Hassan (2015) used OLS regression method to examine the impact of VAT on economic growth in Pakistan, using time series annual data for the period 1991- 1992 to 2011-2012. The econometric analysis found a significant and positive impact of tax revenue on the nominal GDP, indicating the relationship between tax revenue and economic growth. The result shows an increase in one per cent of the VAT revenue causes 0.24 per cent increase in the economic growth. Basila (2010) tried to explore the role of VAT as an economic development tool in Nigeria. The econometric analysis found strong and positive correlation between VAT and GDP; thus, the study confirms that a good planned and implemented tax system could bring balance economic development through efficient revenue performance. Similarly, in the study conducted by Onwuchekwa and Aruwa (2014) found the VAT revenue plays a significant role in economic development of Nigerian economy, through their contribution towards total government revenue.

A number of empirical studies have found a significant relationship between tax revenue and economic growth, but there are also studies which found contrasting result. Michael and Lockwood (2010) conducted a panel study among 143 countries over the period of 25 years, which tried to explore impact of VAT on revenue performance. The empirical analysis shows inconsistent result regarding VAT impact on the economies. In majority of the cases the VAT adoption found to improve the overall revenue- to GDP ratio, while there are also situations where the system led to overall negative impact on the economies. International experience shows a significant decline in the Government revenue as a percentage of GDP during the initial phase of GST implementation (Bolton and Dollary 2010).

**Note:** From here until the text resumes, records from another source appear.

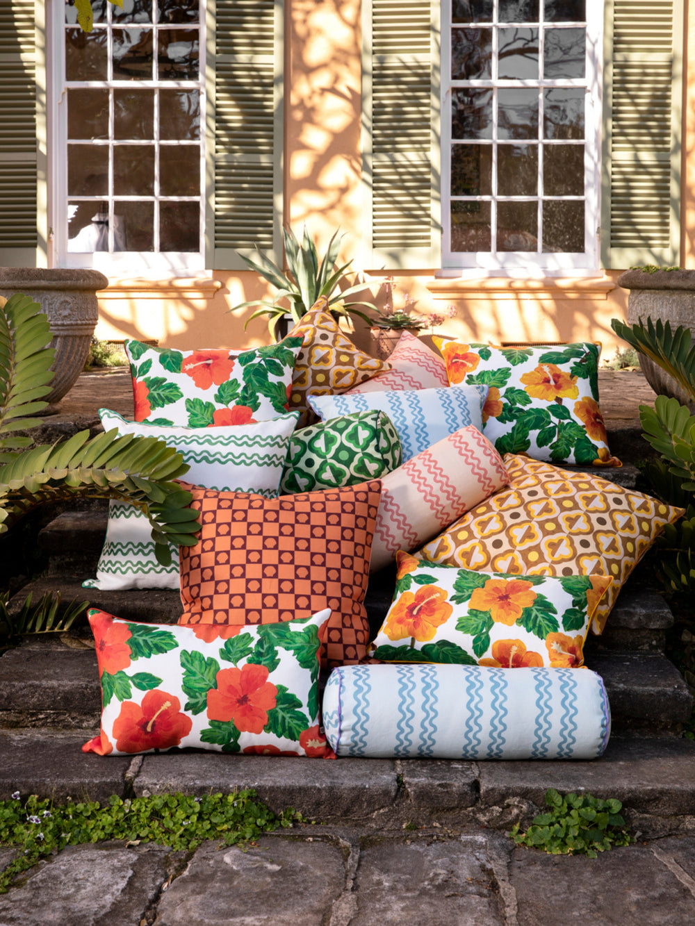 Bring comfort to outdoor living with our outdoor cushions, bolsters and soft seat pads. Shop vibrant colours and colourful prints that add colour to your outdoor area. Printed on weather-repellent linen and filled with mould-resistant, outdoor quality foam, these cushions are the ultimate addition.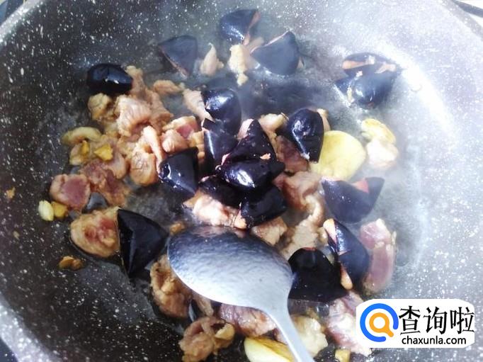 肉丁下锅,翻炒至变色。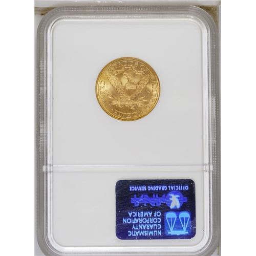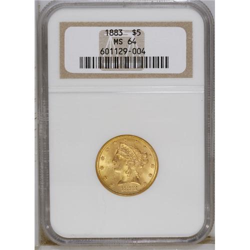 <B>1883 $5 MS64 NGC.</B></I> A sharply struck and highly lustrous yellow-gold near-Gem that has peach accents in the fields. Scattered marks on the obverse account for the grade. Census: 19 in 64, 3 finer (10/06).<BR><BR><b>Shipping:</b> Coin/Currency (<a target="_blank" href="http://www.heritageauctions.com/common/shipping.php">view shipping information</a>)

Leemput and Wiencek (2017) tried to analyse the welfare impact of tax reform on Indian economy, the estimated impact of GST under the baseline scenario with a standard tax rate of 16 per cent was found to increase the welfare effect by 5.3 per cent. The domestic and internationaltrade is expected to increase by 29 per cent and 32 per cent respectively, furthermore, the static model found consistent welfare impact was found across different States in India.

IV Data and Methodology

Data

The following study carried out an empirical analysis using quarterly time series data for the period Q2:2017 to Q1:2021. The time series data on GDP were obtained from database of Reserve Bank of India (RBI) and the Press Release of Ministry of Statistics and Programme Implementation, and the data on GST revenue was obtained from the Press Release of Department of Revenue, Ministry of Finance. The data of GDP and GST revenue is expressed as the percentage growth. The study used least square regression technique to study the relationship between GST revenue growth and Economic Growth using the proxy variable GDP.

Model Specification

The study tried to examine the impact of GST revenue growth, i.e., the independent variable on the dependent variable economic growth (GDP). The study used the following model specification to investigate the relationship between the dependent and the independent variable.

GDP = b0 + b1(GST) + e

where

GDP Gross Domestic Product (per cent growth)

GST Goods and Services Tax Revenue (per cent growth)

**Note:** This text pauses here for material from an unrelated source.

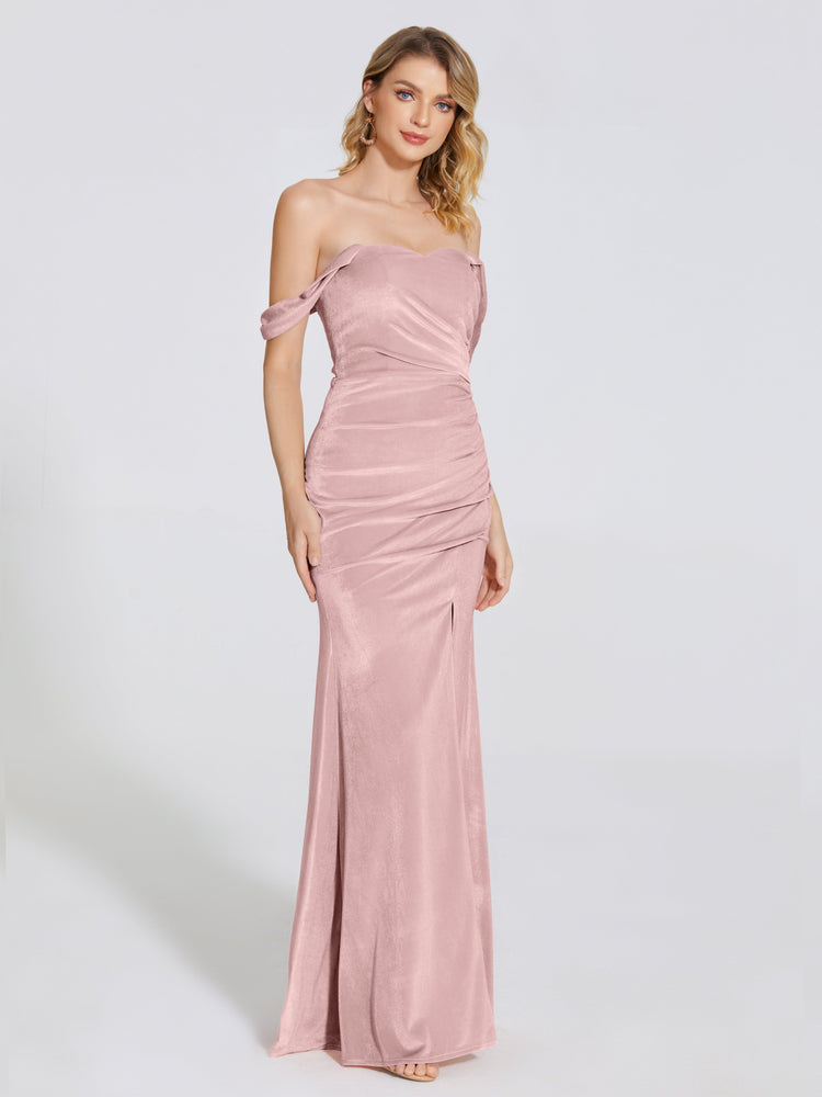 Need to glam up for another formal Christmas party? This mermaid gown with a flirty off-the-shoulder neckline should be your wardrobe of choice. It has a dramatic sweeping train that will drop jaws and turn heads.

b0 is the intercept of the model, and b1 is the regression coefficient and e is the error term.

V Empirical Results

Unit Root Test

The time series data may be affected by trend with passage of time, the unit root test ensures the presence or absence of stationarity in the data set. Presence of stationarity validates the standard hypothesis test; thus, it is significant to test the unit root of the data using appropriate test.

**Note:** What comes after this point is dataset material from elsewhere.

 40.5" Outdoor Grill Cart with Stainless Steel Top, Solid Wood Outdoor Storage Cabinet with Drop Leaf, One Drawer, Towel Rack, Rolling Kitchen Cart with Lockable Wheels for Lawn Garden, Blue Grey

Table 3: Testing of Unit Root        

Source: Computed using e-views.                                                          

Augmented Dickey-Fuller test was used to check the presence or absence of stationarity in the time series data; the unit root represents the non-stationarity of the data. Since the p value of the variable GDP growth were found to be lesser than 0.05, the null hypothesis that the series has unit root is rejected. Thus, indicating stationarity of GDP growth at the level itself. The variable GST revenue growth became stationary at the level itself with a p value less than 0.05, making the data suitable for further statistical analysis.

Testing of Normality

Testing of normality is a prerequisite for performing least square regression analysis to study the relationship between the independent and dependent variable. The study used Jarque – Bera test to find out the normality of the residuals. The Jarque – Bera test uses the sample kurtosis and sample skewness to measure whether the distribution is normal or not so.

Table 4: Testing of Normality

Source: Computed using e-views.

The Jarque – Bera test found the p value greater than 0.05, thus the null hypothesis is accepted that residuals follow a normal distribution.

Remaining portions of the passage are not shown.